Intracellular reaction fluxes can be calculated by solving flux-balance based stoichiometric models based on intracellular reaction networks together with elaborate fermentation data [17]. Therefore, based on reliable models calculation of reaction fluxes is an important tool in metabolic engineering, allowing detailed quantification of in vivo fluxes which provide valuable information on cellular physiology that can be applied for engineering metabolic and regulatory pathways, dignity of which is dependent on the quantity and reliability of intracellular reactions.

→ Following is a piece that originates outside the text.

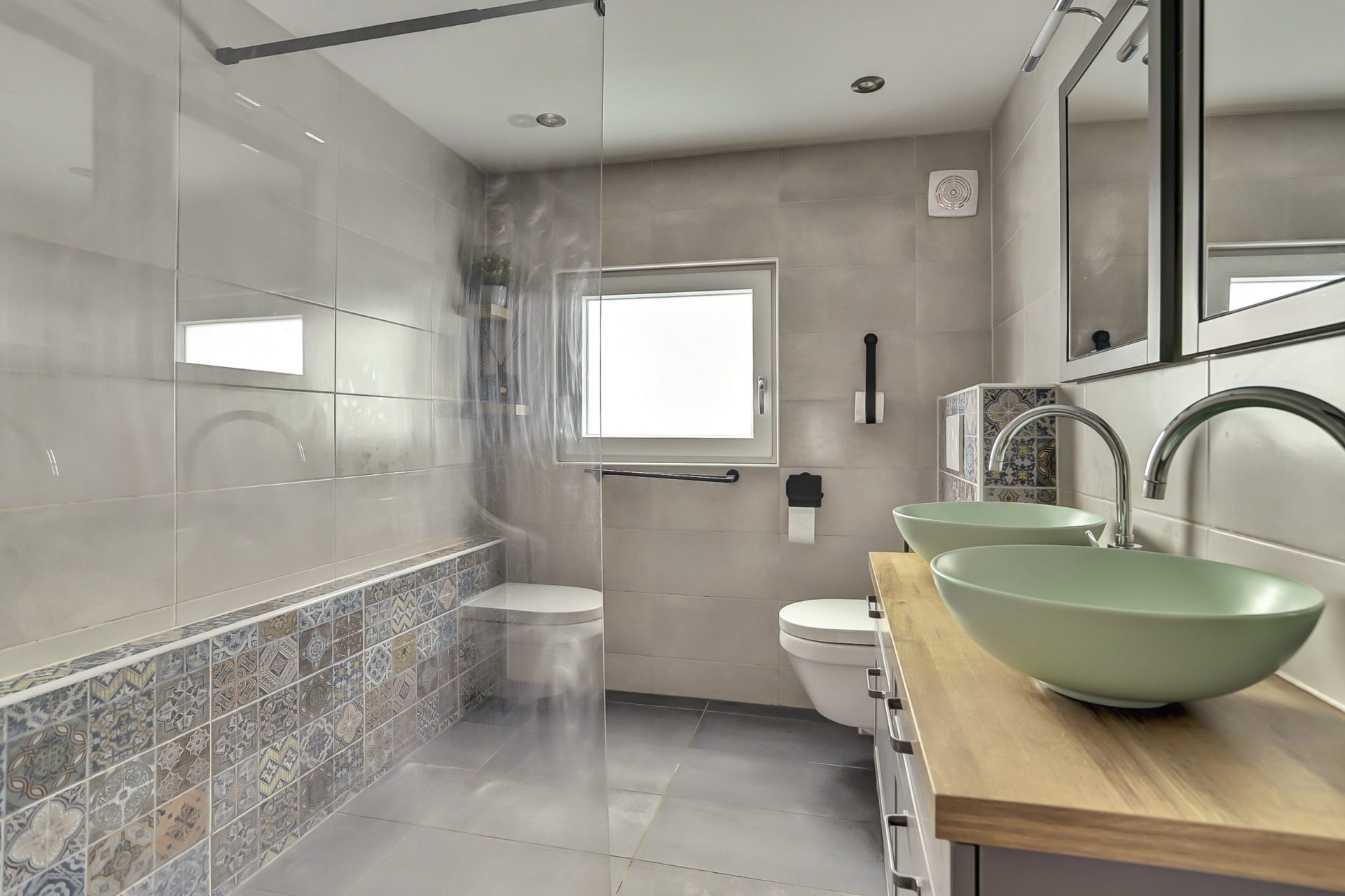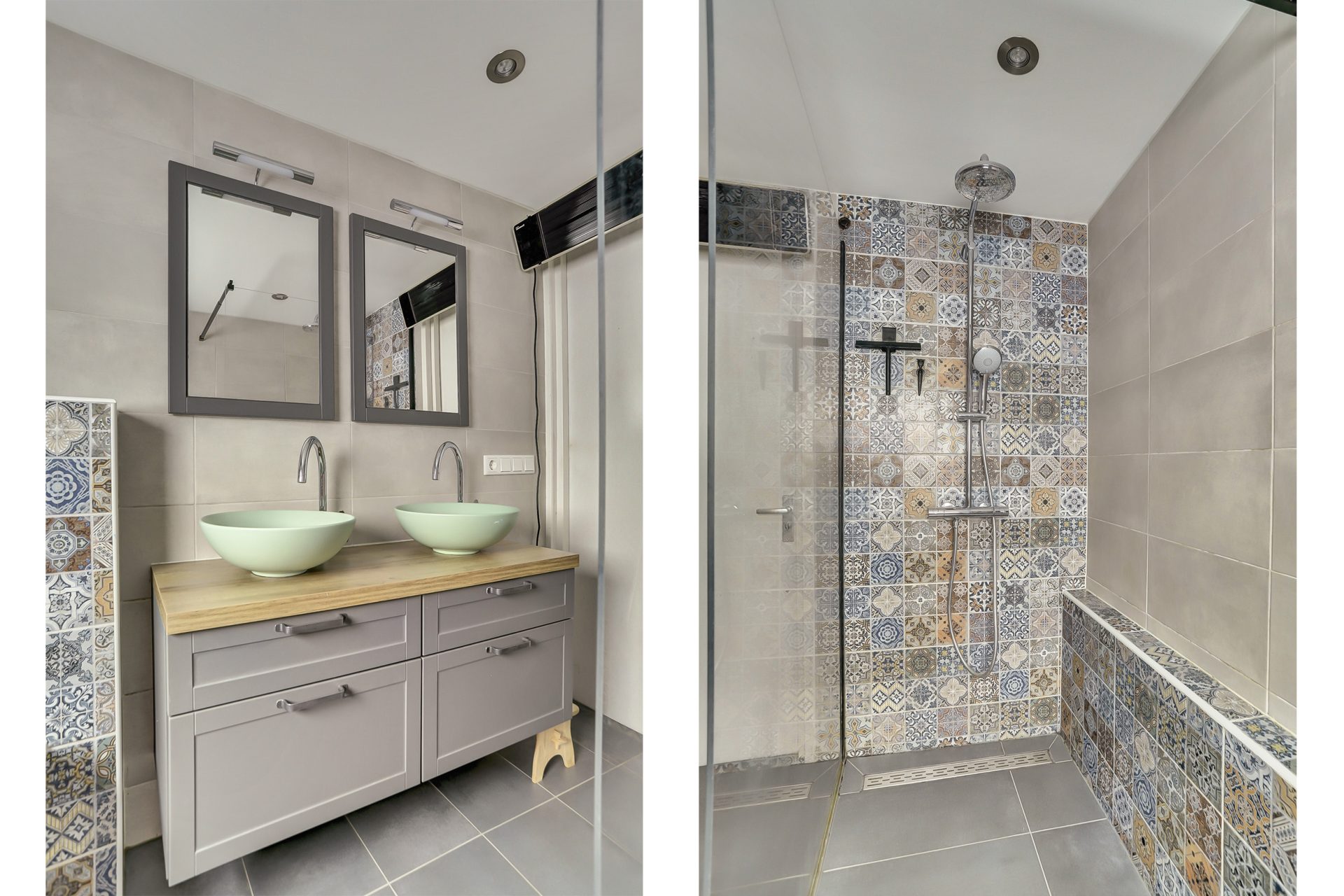 Tevens aan de achterzijde; de recent vernieuwde, geheel betegelde badkamer met inloopdouche, dubbele wastafel en toilet.
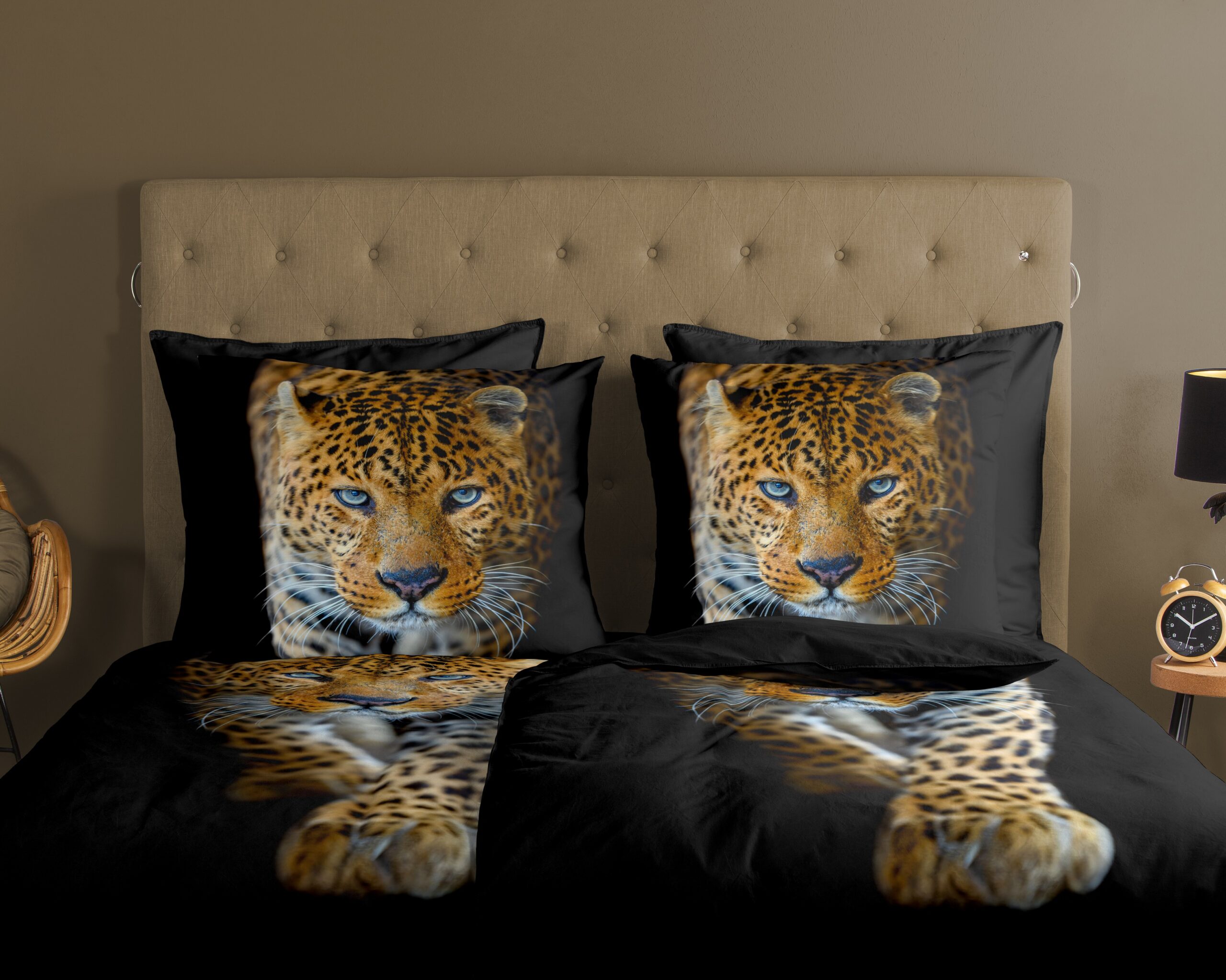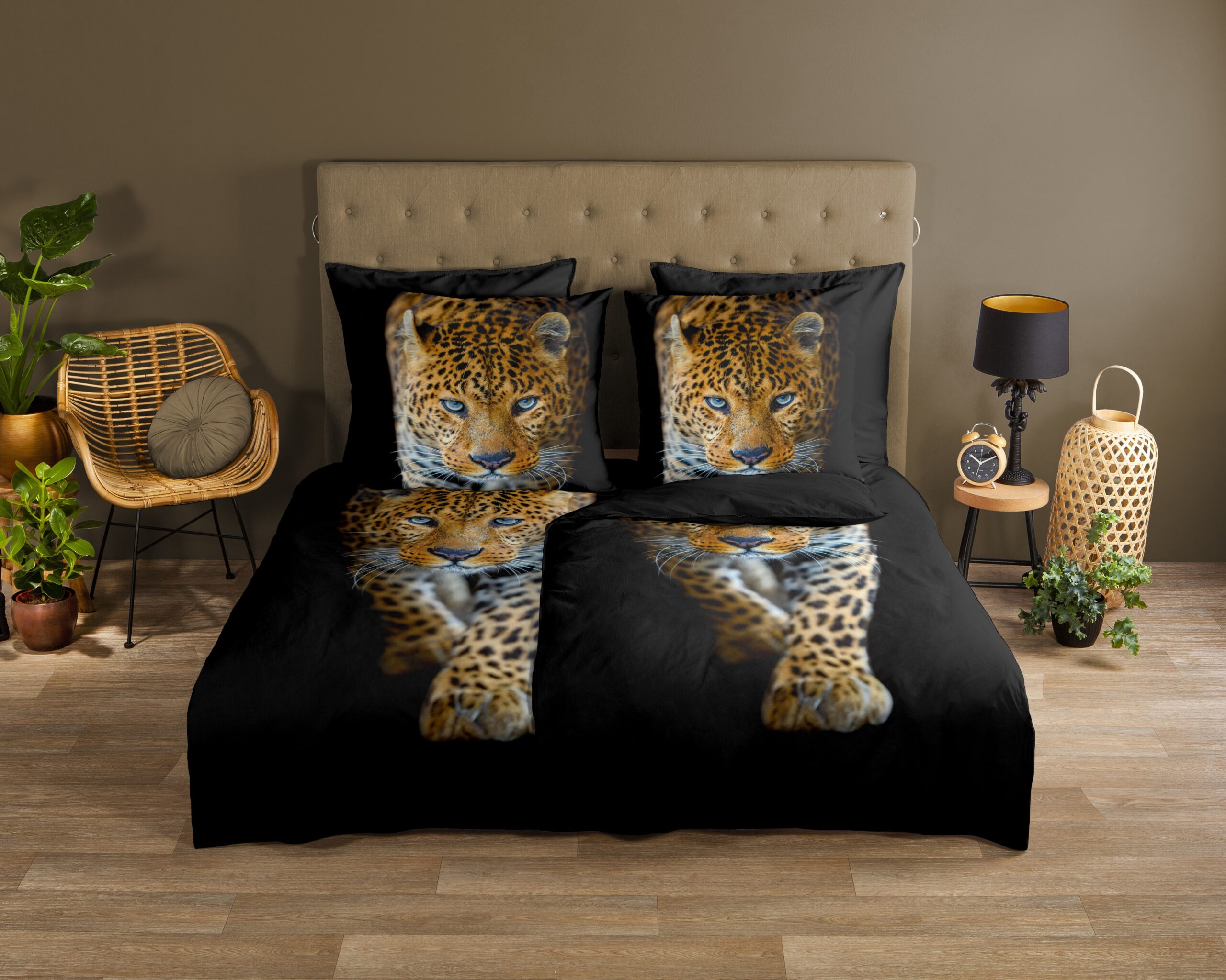 Dekbedovertrek “Bonn” van Good Morning met Luipaard, in de kleur “Zwart” is gemaakt van 100% katoen. Deze kwaliteit is ademend, vochtabsorberend en voelt zacht en soepel aan. Dit mooie dekbedovertrek fleurt iedere slaapkamer op en is geschikt voor ieder jaargetijde. Het katoenen dekbedovertrek is heerlijk koel in de zomer en geeft warmte in de winter.

Genome sequencing and subsequently annotation studies enable construction of genome scale reaction networks with high number of reactions interrelated with gene- and enzyme- data. B. subtilis genome was sequenced first by Kunst et al. [14] with 4100 protein-coding genes, and the annotated genome sequence stimulated the studies for B. subtilis network constructions [18], [19], [20], which were converted into in silico genome scale models (GEMs). Consequently, the first three GEMs reported by Oh et al. [18], Goelzer et al. [19], and Henry et al. [20] which can be regarded as the first-generation B. subtilis GEMs were based on the genome annotation of Kunst et al. [14]; thereafter, the second-generation GEMs of Tanaka et al. [21] and Hao et al. [22] were reconstructed after the genome annotation of Barbe et al. [15] (Table 1a). In order to evaluate the B. subtilis GEMs, type of data used in the construction [18] and reconstructions [19], [20], [21], [22] and in validation processes of the first- and second- generation B. subtilis GEMs are summarized in Table 1b. Furthermore, the strategies applied for optimum flux distributions in model constructions and their validation are summarized in Table 1c. Also, the accuracy of the GEMs are summarized in Table 1d.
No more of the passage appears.